Work request:
Give back the exact lines of the material below from the one containing "将设备连接至电脑后,在设备和打印机选择打印机,在弹出的菜单中选择属性" through the one containing "नेपाल कम्युनिष्ट पार्टी", and no pictures.

Input records:
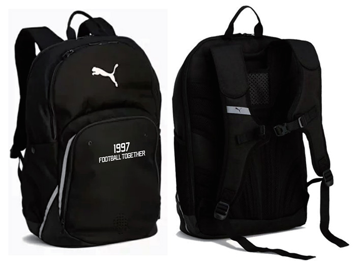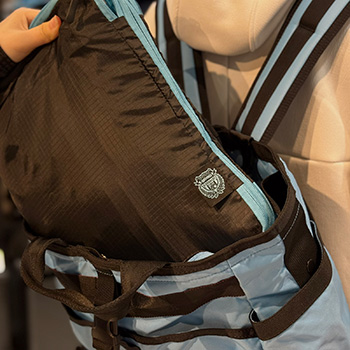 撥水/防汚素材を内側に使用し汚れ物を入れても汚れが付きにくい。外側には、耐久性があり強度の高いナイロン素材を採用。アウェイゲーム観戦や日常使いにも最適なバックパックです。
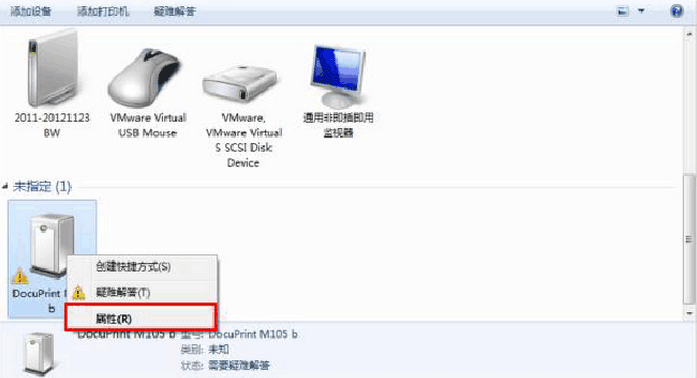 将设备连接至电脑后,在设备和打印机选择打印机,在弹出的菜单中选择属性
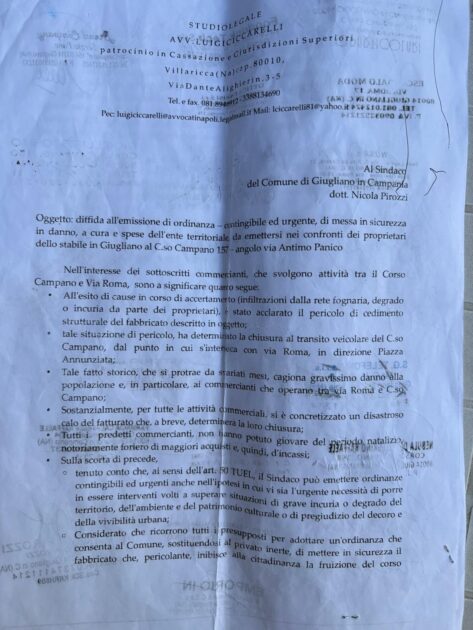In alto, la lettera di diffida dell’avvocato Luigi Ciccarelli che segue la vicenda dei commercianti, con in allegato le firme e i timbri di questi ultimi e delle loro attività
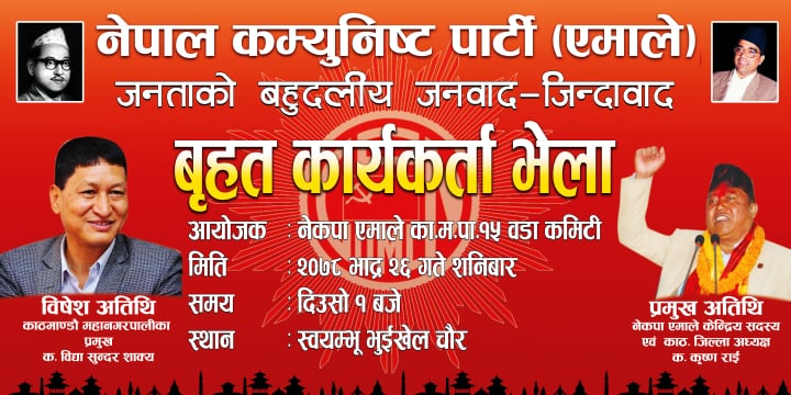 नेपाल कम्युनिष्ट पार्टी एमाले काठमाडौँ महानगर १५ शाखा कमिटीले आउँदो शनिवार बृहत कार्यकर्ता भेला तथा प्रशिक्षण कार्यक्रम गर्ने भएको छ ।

* * *

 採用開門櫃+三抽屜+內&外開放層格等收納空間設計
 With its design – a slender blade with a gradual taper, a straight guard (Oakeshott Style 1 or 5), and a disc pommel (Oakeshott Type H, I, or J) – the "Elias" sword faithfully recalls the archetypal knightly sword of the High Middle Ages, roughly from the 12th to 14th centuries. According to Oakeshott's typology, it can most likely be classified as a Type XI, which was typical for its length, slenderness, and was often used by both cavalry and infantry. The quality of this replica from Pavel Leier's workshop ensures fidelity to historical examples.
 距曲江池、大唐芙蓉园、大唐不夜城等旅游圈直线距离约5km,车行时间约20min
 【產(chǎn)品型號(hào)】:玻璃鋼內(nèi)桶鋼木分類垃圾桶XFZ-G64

Answer below:
 将设备连接至电脑后,在设备和打印机选择打印机,在弹出的菜单中选择属性
In alto, la lettera di diffida dell’avvocato Luigi Ciccarelli che segue la vicenda dei commercianti, con in allegato le firme e i timbri di questi ultimi e delle loro attività
 नेपाल कम्युनिष्ट पार्टी एमाले काठमाडौँ महानगर १५ शाखा कमिटीले आउँदो शनिवार बृहत कार्यकर्ता भेला तथा प्रशिक्षण कार्यक्रम गर्ने भएको छ ।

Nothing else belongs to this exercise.